ASSIGNED TASK
Repeat the data exactly as given below, dropping every picture.
--- GIVEN INFORMATION Enclosed Below ---
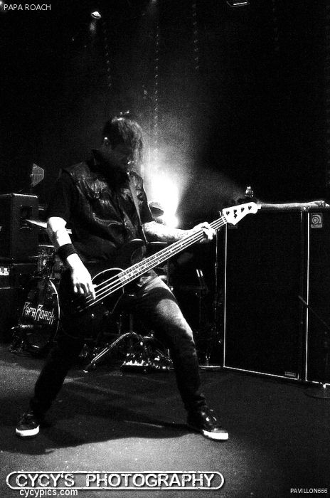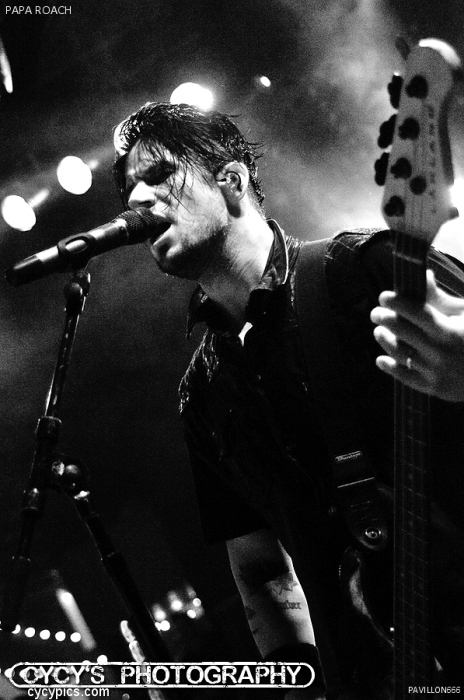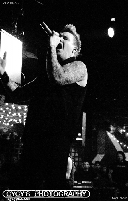 « Ce soir c’est blindé » m’indique la miss à l’accueil tandis que je récupère le sésame Pass durement obtenu le jour même, un grand merci à Olivier Garnier & à notre cher Roger pour leur implication, c'était pas gagné d'avance. Complet, et depuis des lustres, forcément le TRABENDO c’est maxi 700 personnes, et PAPA ROACH est un groupe qui a quand même un background et une envergure suffisamment grande pour remplir légitimement un Bataclan voir même bien plus, mais le groupe affectionne tout particulièrement les scènes « intimistes » et je dois bien avouer qu’avoir la chance de les voir de si près, sans artifices, à « l’ancienne », c’est quelque chose de génial. Et effectivement, ce soir c’est « blindé », et très vite il devient difficile de circuler dans cette salle atypique. Mais revenons à nos moutons et à cette affiche puisque PAPA ROACH est accompagné sur sa tournée par GLAMOUR OF THE KILL, et pour l’occasion au TRABENDO par un groupe Français, HOLOPHONICS. HOLOPHONICS C’est donc aux Français de démarrer les hostilités devant une salle quasi comble, chose rare pour une première partie. Le groupe, originaire de Grenoble, existe depuis 2005 et officie dans un style Metal Rock de très bonne facture. Ils nous offrent une ambiance assez sympa où les guitares composent quelques sonorités aériennes sur des bases rythmiques bien ROCK US. Et le public ne s’y trompe pas, si bien que l’accueil des cinq musiciens est très chaleureux. D’ailleurs, et là encore ce n’est pas souvent le cas pour un bon nombre de première partie, la demi-heure qui leur est impartie passe à une vitesse dingue, une sorte d’impression que sitôt commencé, le show se termine en cinq minutes sous les acclamations unanimes d’un public qui, pourtant, n’a d’yeux que pour le « Papa Cafard ». Un groupe à suivre. GLAMOUR OF THE KILL Vient alors le tour d’un groupe que j’attends au tournant depuis un certain temps, les anglais de GLAMOUR OF THE KILL, GOTK pour les intimes. Groupe fondé en 2007 outre-manche, ils n’ont cessés d’être encensés ou descendus par bon nombre de critiques un peu partout en Europe avec leur Metal à tendance Metalcore/Emocore qui n’est pas sans rappeler leurs aînés de BULLET FOR MY VALENTINE ou leur très contemporain BLACK VEIL BRIDE, en concert au Cabaret Sauvage le 13 décembre soit dit en passant. Aussi, enfin dirais-je, l’occasion m’est donné de découvrir live ce groupe qui nous a pondu un dernier album, « Savages », aux antipodes de leur tout premier méfait, « The summoning » (2011), que l’on pouvait à juste titre considérer comme des plus poussifs. Emmené de main de maître par un Davey Richmond des plus en forme ce soir, aussi bien au micro qu’accroché à sa basse, le groupe va nous offrir un set court mais suffisamment percutant pour que l’on en redemande une louche. Evidemment, ce type de metal, ne s’adresse pas à tout un chacun, mais force est de constater que le groupe sait jouer Live et qu’il déploie une énergie et une bonne humeur communicative évidente, notamment sur le titre phare du dernier album « Second Chance », véritable titre à reprendre en cœur et à tue-tête. Ils ont d’ailleurs tellement tout compris qu’ils sont parvenus à chatouiller les oreilles des plus vieux en reprenant un des titres de KISS des plus emblématiques, le grandissime « LOVE GUN », avant de finir par un évident « Feeling Alive », extrait du premier album, très BFMV dans l’âme. En résumé, le groupe a fait le job, voir plus et en ce qui me concerne, aura très probablement droit à du rabe lors de leur prochaine venue dans la capitale. Setlist : Break Supremacy Second Chance If Only she Knew Love Gun (Kiss) A Freak Like Me Feeling Alive PAPA ROACH : C’est devant un public acquis à sa cause que PAPA ROACH déboule sur scène dans une forme olympique, balançant au passage un véritable uppercut à tous les fans présents dès le premier titre de la soirée, un BURN qu’il sera difficile d’oublier. Et ce sera ainsi tout du long du show. Revue en détail. PAPA ROACH fête ses 20 ans d’existence, décidément le temps passe vite, et c’est avec une setlist mélangeant savamment des titres ancestraux au tout dernier album en date, « The Connection », que les quatre californiens vont se charger de fêter dignement ce point d’orgue d’une carrière menée de main de maître. Sous les acclamations d’un public qui, malgré les envies de certains sera contraint de ne pas slamer par un service d’ordre vindicatif, Jacobix l’incarnation même de zébulon, enchaîne avec un « Silence is the Ennemy » et un « Blood Brothers » qui démontre bien qu’aucune période du groupe ne sera laissée de côté ce soir. Alliant finesse, « Scars » ou encore « Forever », aux hymnes percutants et indétrônables « Between Angels and Insects » ou encore « Getting Away with Murder », tout sera l’occasion pour le groupe de démontrer, si cela était encore nécessaire, que la musique de PAPA ROACH se vit bien plus en live que tranquillement assis chez soi et qu’il est évident que bien des détracteurs du groupe, hélas bien trop nombreux en ce monde, devrait prendre le temps de venir voir avec quel entrain Jacobix et sa bande se chargent de mener la danse, d’avoir ce contact unique avec un public déchaîné (deux fois le tour du Trabendo), voir même de baiser la main de votre serviteur (Je ne la laverais plus jamais, c’est acté) tandis que je quittais le Photo Pit. Tout y passe, pour le plus grand bonheur des fans, le groupe enchaînant des « Where did the angels go », « Still swinging », « Life Line » ou encore « un Give me back my life» qui entrera dans l’histoire tant il fut tonitruant, emmené par une rythmique du feu de dieu que nous délivrent Jerry, Tobin et Tony. Et d’ailleurs Jacobix ne s’y trompe pas lorsqu’il déclare en substanc
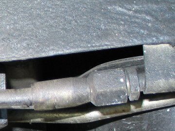 車体側パイプと油圧ホース下側 |
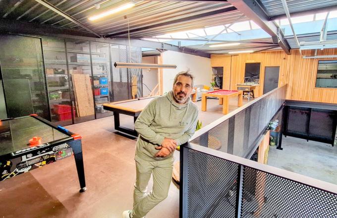 “Toen we Electrix en Krax naar een groter pand verhuisden, voelde het raar om de oude werkplaats zomaar leeg te laten staan”, vertelt Maarten, elektricien van opleiding en geboren doener. “Samen met mijn echtgenote Delphine wonen we heel dicht bij het magazijn, dus ik dacht: we maken er iets gezelligs van. Iets waar mensen samen kunnen komen, lachen, biljarten, wat muziek luisteren. Kortom, genieten zonder gedoe.” En zo werd het zaadje geplant voor wat hij zelf met een knipoog omschrijft als een man-cave die eigenlijk voor iedereen is.
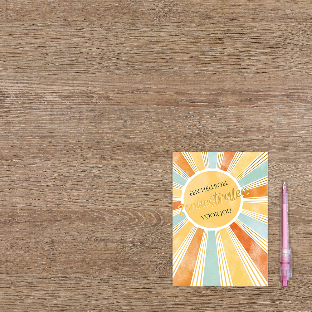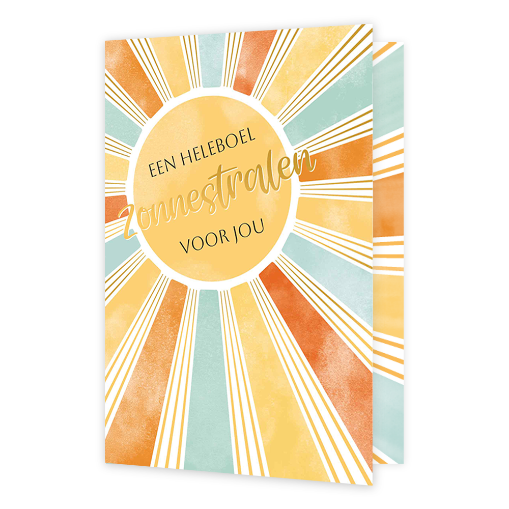 De wenskaart heeft een afmeting van x en een staande vorm. Op deze wenskaart staan zonnestralen in de kleuren mintgroen, oranje, gel en goud met in het midden een gele cirkel met de tekst: "Een heleboel zonnestralen voor jou". De binnenzijde van de wenskaart is bedrukt met een ontwerp passend bij de voorzijde van de kaart .
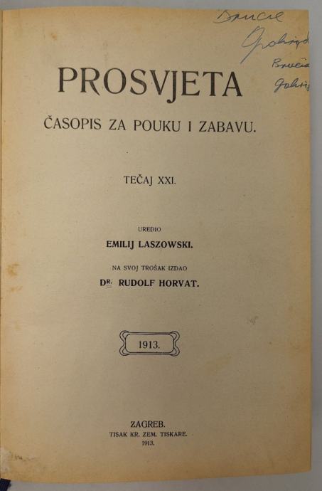 Prosvjeta - časopis za pouku i zabavu-tečaj XXI 1913Uredio:Emilij Laszowski Dimenzije: 18.5x26.5Jezik: ZagrebPismo: LatinicaStanje: DobroUvez: TvrdiGodina: 1913
--- End of Enclosed GIVEN INFORMATION ---
ANSWER SECTION
 « Ce soir c’est blindé » m’indique la miss à l’accueil tandis que je récupère le sésame Pass durement obtenu le jour même, un grand merci à Olivier Garnier & à notre cher Roger pour leur implication, c'était pas gagné d'avance. Complet, et depuis des lustres, forcément le TRABENDO c’est maxi 700 personnes, et PAPA ROACH est un groupe qui a quand même un background et une envergure suffisamment grande pour remplir légitimement un Bataclan voir même bien plus, mais le groupe affectionne tout particulièrement les scènes « intimistes » et je dois bien avouer qu’avoir la chance de les voir de si près, sans artifices, à « l’ancienne », c’est quelque chose de génial. Et effectivement, ce soir c’est « blindé », et très vite il devient difficile de circuler dans cette salle atypique. Mais revenons à nos moutons et à cette affiche puisque PAPA ROACH est accompagné sur sa tournée par GLAMOUR OF THE KILL, et pour l’occasion au TRABENDO par un groupe Français, HOLOPHONICS. HOLOPHONICS C’est donc aux Français de démarrer les hostilités devant une salle quasi comble, chose rare pour une première partie. Le groupe, originaire de Grenoble, existe depuis 2005 et officie dans un style Metal Rock de très bonne facture. Ils nous offrent une ambiance assez sympa où les guitares composent quelques sonorités aériennes sur des bases rythmiques bien ROCK US. Et le public ne s’y trompe pas, si bien que l’accueil des cinq musiciens est très chaleureux. D’ailleurs, et là encore ce n’est pas souvent le cas pour un bon nombre de première partie, la demi-heure qui leur est impartie passe à une vitesse dingue, une sorte d’impression que sitôt commencé, le show se termine en cinq minutes sous les acclamations unanimes d’un public qui, pourtant, n’a d’yeux que pour le « Papa Cafard ». Un groupe à suivre. GLAMOUR OF THE KILL Vient alors le tour d’un groupe que j’attends au tournant depuis un certain temps, les anglais de GLAMOUR OF THE KILL, GOTK pour les intimes. Groupe fondé en 2007 outre-manche, ils n’ont cessés d’être encensés ou descendus par bon nombre de critiques un peu partout en Europe avec leur Metal à tendance Metalcore/Emocore qui n’est pas sans rappeler leurs aînés de BULLET FOR MY VALENTINE ou leur très contemporain BLACK VEIL BRIDE, en concert au Cabaret Sauvage le 13 décembre soit dit en passant. Aussi, enfin dirais-je, l’occasion m’est donné de découvrir live ce groupe qui nous a pondu un dernier album, « Savages », aux antipodes de leur tout premier méfait, « The summoning » (2011), que l’on pouvait à juste titre considérer comme des plus poussifs. Emmené de main de maître par un Davey Richmond des plus en forme ce soir, aussi bien au micro qu’accroché à sa basse, le groupe va nous offrir un set court mais suffisamment percutant pour que l’on en redemande une louche. Evidemment, ce type de metal, ne s’adresse pas à tout un chacun, mais force est de constater que le groupe sait jouer Live et qu’il déploie une énergie et une bonne humeur communicative évidente, notamment sur le titre phare du dernier album « Second Chance », véritable titre à reprendre en cœur et à tue-tête. Ils ont d’ailleurs tellement tout compris qu’ils sont parvenus à chatouiller les oreilles des plus vieux en reprenant un des titres de KISS des plus emblématiques, le grandissime « LOVE GUN », avant de finir par un évident « Feeling Alive », extrait du premier album, très BFMV dans l’âme. En résumé, le groupe a fait le job, voir plus et en ce qui me concerne, aura très probablement droit à du rabe lors de leur prochaine venue dans la capitale. Setlist : Break Supremacy Second Chance If Only she Knew Love Gun (Kiss) A Freak Like Me Feeling Alive PAPA ROACH : C’est devant un public acquis à sa cause que PAPA ROACH déboule sur scène dans une forme olympique, balançant au passage un véritable uppercut à tous les fans présents dès le premier titre de la soirée, un BURN qu’il sera difficile d’oublier. Et ce sera ainsi tout du long du show. Revue en détail. PAPA ROACH fête ses 20 ans d’existence, décidément le temps passe vite, et c’est avec une setlist mélangeant savamment des titres ancestraux au tout dernier album en date, « The Connection », que les quatre californiens vont se charger de fêter dignement ce point d’orgue d’une carrière menée de main de maître. Sous les acclamations d’un public qui, malgré les envies de certains sera contraint de ne pas slamer par un service d’ordre vindicatif, Jacobix l’incarnation même de zébulon, enchaîne avec un « Silence is the Ennemy » et un « Blood Brothers » qui démontre bien qu’aucune période du groupe ne sera laissée de côté ce soir. Alliant finesse, « Scars » ou encore « Forever », aux hymnes percutants et indétrônables « Between Angels and Insects » ou encore « Getting Away with Murder », tout sera l’occasion pour le groupe de démontrer, si cela était encore nécessaire, que la musique de PAPA ROACH se vit bien plus en live que tranquillement assis chez soi et qu’il est évident que bien des détracteurs du groupe, hélas bien trop nombreux en ce monde, devrait prendre le temps de venir voir avec quel entrain Jacobix et sa bande se chargent de mener la danse, d’avoir ce contact unique avec un public déchaîné (deux fois le tour du Trabendo), voir même de baiser la main de votre serviteur (Je ne la laverais plus jamais, c’est acté) tandis que je quittais le Photo Pit. Tout y passe, pour le plus grand bonheur des fans, le groupe enchaînant des « Where did the angels go », « Still swinging », « Life Line » ou encore « un Give me back my life» qui entrera dans l’histoire tant il fut tonitruant, emmené par une rythmique du feu de dieu que nous délivrent Jerry, Tobin et Tony. Et d’ailleurs Jacobix ne s’y trompe pas lorsqu’il déclare en substanc
 車体側パイプと油圧ホース下側 |
 “Toen we Electrix en Krax naar een groter pand verhuisden, voelde het raar om de oude werkplaats zomaar leeg te laten staan”, vertelt Maarten, elektricien van opleiding en geboren doener. “Samen met mijn echtgenote Delphine wonen we heel dicht bij het magazijn, dus ik dacht: we maken er iets gezelligs van. Iets waar mensen samen kunnen komen, lachen, biljarten, wat muziek luisteren. Kortom, genieten zonder gedoe.” En zo werd het zaadje geplant voor wat hij zelf met een knipoog omschrijft als een man-cave die eigenlijk voor iedereen is.
 De wenskaart heeft een afmeting van x en een staande vorm. Op deze wenskaart staan zonnestralen in de kleuren mintgroen, oranje, gel en goud met in het midden een gele cirkel met de tekst: "Een heleboel zonnestralen voor jou". De binnenzijde van de wenskaart is bedrukt met een ontwerp passend bij de voorzijde van de kaart .
 Prosvjeta - časopis za pouku i zabavu-tečaj XXI 1913Uredio:Emilij Laszowski Dimenzije: 18.5x26.5Jezik: ZagrebPismo: LatinicaStanje: DobroUvez: TvrdiGodina: 1913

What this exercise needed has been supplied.